Trader Joe’s, in the decentralized financial protocol based on Avalanche (DeFi), says it may have found a way to mitigate one of DeFi’s biggest weaknesses — impermanent loss. 

Recently published a white paper on Tuesday called the JOE v2 Liquidity Book, authored by Quant developers and researchers Adam Sturges, TraderWaWa, Hanzo, and software engineer Louis MeMyself, the developers outlined the use of Liquidity Book (LB) with an additional variable fee swap feature to “provide traders with zero or low slippage trades.”
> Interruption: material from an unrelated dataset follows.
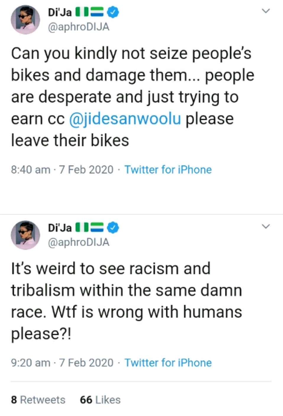 However, with the recent cases of violence recorded, Di’ja has reacted again. She took to her Twitter page to slam the Lagos State governor for seizing and damaging bikes in the state.

Thorchain is another DeFi protocol providing impermanent loss protection for LP deposits after the first 100 days (with partial protection before that point). 

Trader Joe’s Protocol bills itself as a “one-stop decentralized trading platform” built on the Avalanche smart contract platform.

The protocol is currently the largest decentralized exchange (DEX) on Avalanche, with $191 million in total value locked (TVL) on the protocol.

The DeFi protocol allows users to trade, farm, lend and stake among other things.

Trader Joe’s token, JOE, saw its price briefly spike following the white paper release and is trading at $0.28 at the time of writing, though it’s still down 94.5% from its all-time-high, according to CoinMarketCap.